Measurement of heart rate variability (HRV)

After a 5-min resting period, subjects received the 3-leads ECG recording in the sitting position for 1 min. After the 1 min cold stimulation, the same ECG process was repeated. The R-R peak was extracted and analyzed by the Kubios HRV Premium software (version 2.2; University of Eastern Finland). The index of Low frequency divides high frequency (LF/HF index) was calculated.

All measurements were taken by two observers blinded. Cases of a discrepancy of >15% were resolved by consulting the senior-most author. All data were recorded and stored for later statistical analyses.

Statistical analyses

All statistical analyses were performed using SPSS software (Version 16.0, SPSS Inc., Chicago, IL, USA).
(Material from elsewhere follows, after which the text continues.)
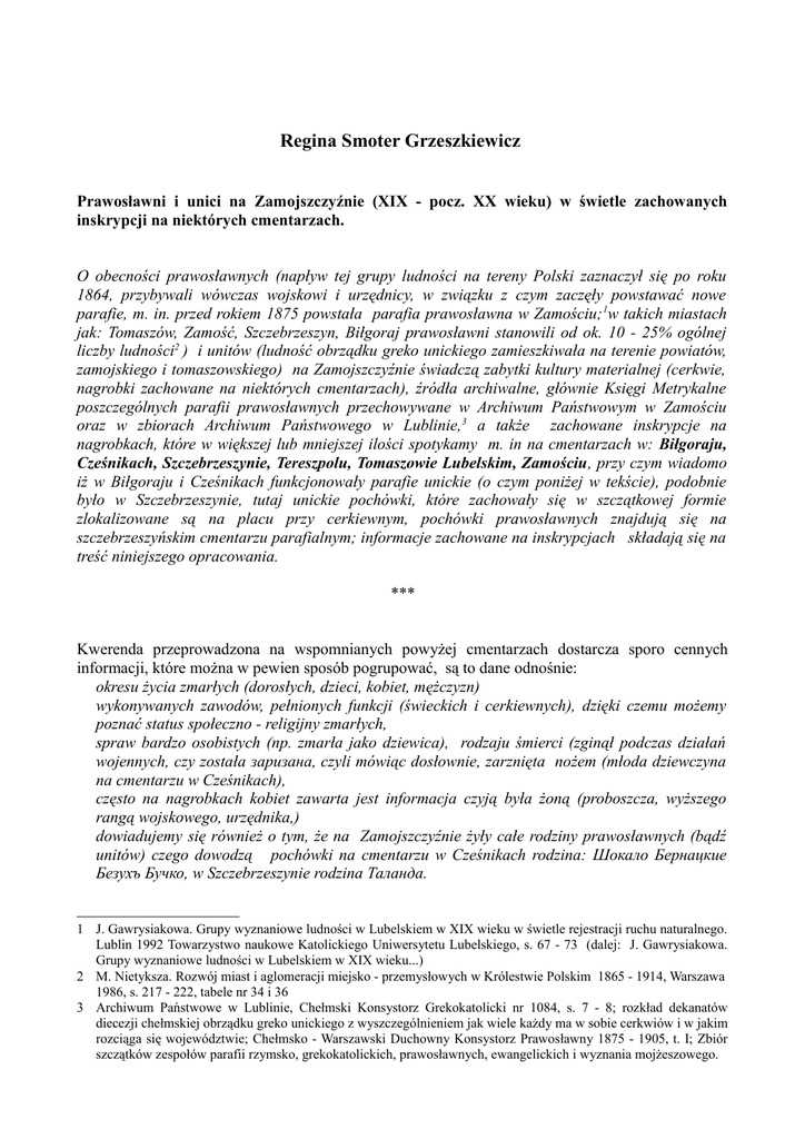 Regina Smoter Grzeszkiewicz Prawosławni i unici na Zamojszczyźnie (XIX - pocz. XX wieku) w świetle zachowanych inskrypcji na niektórych cmentarzach. O obecności prawosławnych (napływ tej grupy ludności na tereny Polski zaznaczył się po roku 1864, przybywali wówczas wojskowi i urzędnicy, w związku z czym zaczęły powstawać nowe parafie, m. in. przed rokiem 1875 powstała parafia prawosławna w Zamościu; 1w takich miastach jak: Tomaszów, Zamość, Szczebrzeszyn, Biłgoraj prawosławni stanowili od ok. 10 - 25% ogólnej liczby ludności2 ) i unitów (ludność obrządku greko unickiego zamieszkiwała na terenie powiatów, zamojskiego i tomaszowskiego) na Zamojszczyźnie świadczą zabytki kultury materialnej (cerkwie, nagrobki zachowane na niektórych cmentarzach), źródła archiwalne, głównie Księgi Metrykalne poszczególnych parafii prawosławnych przechowywane w Archiwum Państwowym w Zamościu oraz w zbiorach Archiwum Państwowego w Lublinie,3 a także zachowane inskrypcje na nagrobkach, które w większej lub mniejszej ilości spotykamy m. in na cmentarzach w: Biłgoraju, Cześnikach, Szczebrzeszynie, Tereszpolu, Tomaszowie Lubelskim, Zamościu, przy czym wiadomo iż w Biłgoraju i Cześnikach funkcjonowały parafie unickie (o czym poniżej w tekście), podobnie było w Szczebrzeszynie, tutaj unickie pochówki, które zachowały się w szczątkowej formie zlokalizowane są na placu przy cerkiewnym, pochówki prawosławnych znajdują się na szczebrzeszyńskim cmentarzu parafialnym; informacje zachowane na inskrypcjach składają się na treść niniejszego opracowania. *** Kwerenda przeprowadzona na wspomnianych powyżej cmentarzach dostarcza sporo cennych informacji, które można w pewien sposób pogrupować, są to dane odnośnie: okresu życia zmarłych (dorosłych, dzieci, kobiet, mężczyzn) wykonywanych zawodów, pełnionych funkcji (świeckich i cerkiewnych), dzięki czemu możemy poznać status społeczno - religijny zmarłych, spraw bardzo osobistych (np. zmarła jako dziewica), rodzaju śmierci (zginął podczas działań wojennych, czy została заризана, czyli mówiąc dosłownie, zarznięta nożem (młoda dziewczyna na cmentarzu w Cześnikach), często na nagrobkach kobiet zawarta jest informacja czyją była żoną (proboszcza, wyższego rangą wojskowego, urzędnika,) dowiadujemy się również o tym, że na Zamojszczyźnie żyły całe rodziny prawosławnych (bądź unitów) czego dowodzą pochówki na cmentarzu w Cześnikach rodzina: Шокало Бернацкие Безухъ Бучко, w Szczebrzeszynie rodzina Таланда. 1 J. Gawrysiakowa. Grupy wyznaniowe ludności w Lubelskiem w XIX wieku w świetle rejestracji ruchu naturalnego. Lublin 1992 Towarzystwo naukowe Katolickiego Uniwersytetu Lubelskiego, s. 67 - 73 (dalej: J. Gawrysiakowa. Grupy wyznaniowe ludności w Lubelskiem w XIX wieku...) 2 M. Nietyksza. Rozwój miast i aglomeracji miejsko - przemysłowych w Królestwie Polskim 1865 - 1914, Warszawa 1986, s. 217 - 222, tabele nr 34 i 36 3 Archiwum Państwowe w Lublinie, Chełmski Konsystorz Grekokatolicki nr 1084, s. 7 - 8; rozkład dekanatów diecezji chełmskiej obrządku greko unickiego z wyszczególnieniem jak wiele każdy ma w sobie cerkwiów i w jakim rozciąga się województwie; Chełmsko - Warszawski Duchowny Konsystorz Prawosławny 1875 - 1905, t. I; Zbiór szczątków zespołów parafii rzymsko, grekokatolickich, prawosławnych, ewangelickich i wyznania mojżeszowego. Pochówki prawosławnych spotykane na zamojskich cmentarzach to często (jak w przypadku Zamościa) pochowki wojskowych, urzędników, którzy pojawili się na naszych terenach w pocz. XIX wieku wraz z dokonaniem nowego podziału administracyjnego Królestwa Polskiego, kiedy to powstał powiat zamojski i należało obsadzić zarówno urzędy gminne jak i powiatowe ludźmi znającymi język polski oraz przepisy prawne dostosowane do potrzeb ówczesnej rzeczywistości. Według badań przeprowadzonych przez Janinę Gawrysiakową ludność wyznania prawosławnego w Lubelskiem do końca lat dwudziestych XIX wieku liczyła zaledwie kilkadziesiąt osób, liczby jej zaczęły rosnąc wraz z napływem urzędników rosyjskich - wyznawców prawosławia4 Na cmentarzu w Biłgoraju i Tomaszowie Lubelskim znajdują się pochówki Kozaków z Pułków Dońskich (13, 18, 25), którzy najprawdopodobniej stacjonowali w funkcjonujących od 1880 roku w Biłgoraju koszarach kozackich, wybudowanych staraniem mieszczanina Jana Krzosa dla dwóch sotni5 stacjonującego w tym mieście 13 Pułku Kozaków Dońskich 6. Plac na ten cel uzyskał od władz miejskich na warunkach dogodnej dzierżawy. Rozciągał się on za ulicami Zamojską i Tarnogrodzką, po obydwu stronach drogi prowadzącej do Puszczy Solskiej, i liczył prawie 2 ha powierzchni. Plac pod zabudowę wydzierżawił Krzos od władz miejskich, za użytkowane budynki pobierał wysoki czynsz od władz rosyjskich; Kozacy przynosili także wysokie dochody właścicielom biłgorajskich restauracji i szynków.7 Pewna ilość zachowanych inskrypcji zawiera informacje odnośnie zmarłych dzieci w wieku od kilku miesięcy do kilku lat, są to: w Biłgoraju: Марія8 Петровна Агева, zmarła w wieku 9 lat. Маня (brak nazwiska), córka sotnika9 13 Dońskiego Pułku Kozaków (1888 - 10 kwietnia 1889 roku). Co zwraca uwagę, to wymowne w swej treści epitafium/ prośba na nagrobku Marysi: "Mania, módl się za swoją matkę". Można by się w tym miejscu zastanawiać dlaczego nie za dwojga rodziców tylko za matkę, być może jej matka, a żona owego sotnika była już wówczas wdową, albo chorowała - tego chyba się nie dowiemy. Kolejne dziecko prawosławnych rodziców spoczywające na cmentarzu w Biłgoraju to Николай Зеневичь - syn настоятеля (księdza). W wieku 14 lat zmarł Александрь Шабановъ, na jego nagrobku widnieje nieco przestarzały rosyjski wyraz отрок

The data are presented as mean values (Means ± SDs). One-way repeated-measures ANOVA was used to compare differences in nasal and temporal SCAR (SCAR-n; SCAR-t), as well as IOP, TMTH, LF/HF, pupil diameter (PD), MOPP, HR, RVD and ODVD at three different time-periods. The paired-sample T test was used to compare the parameters at two different time points in the control group. The linear regression analyses were adopted to examine the relationship between the variations of SCAR-m (the mean value of SCAR-n and SCAR-t) and the change of IOP, the change of PD and the change of LF/HF from T0 to T2 (ΔSCAR-m, ΔIOP, ΔPD and ΔLF/HF). All tests were two-tailed. Statistical significance was defined as a P-value < 0.05.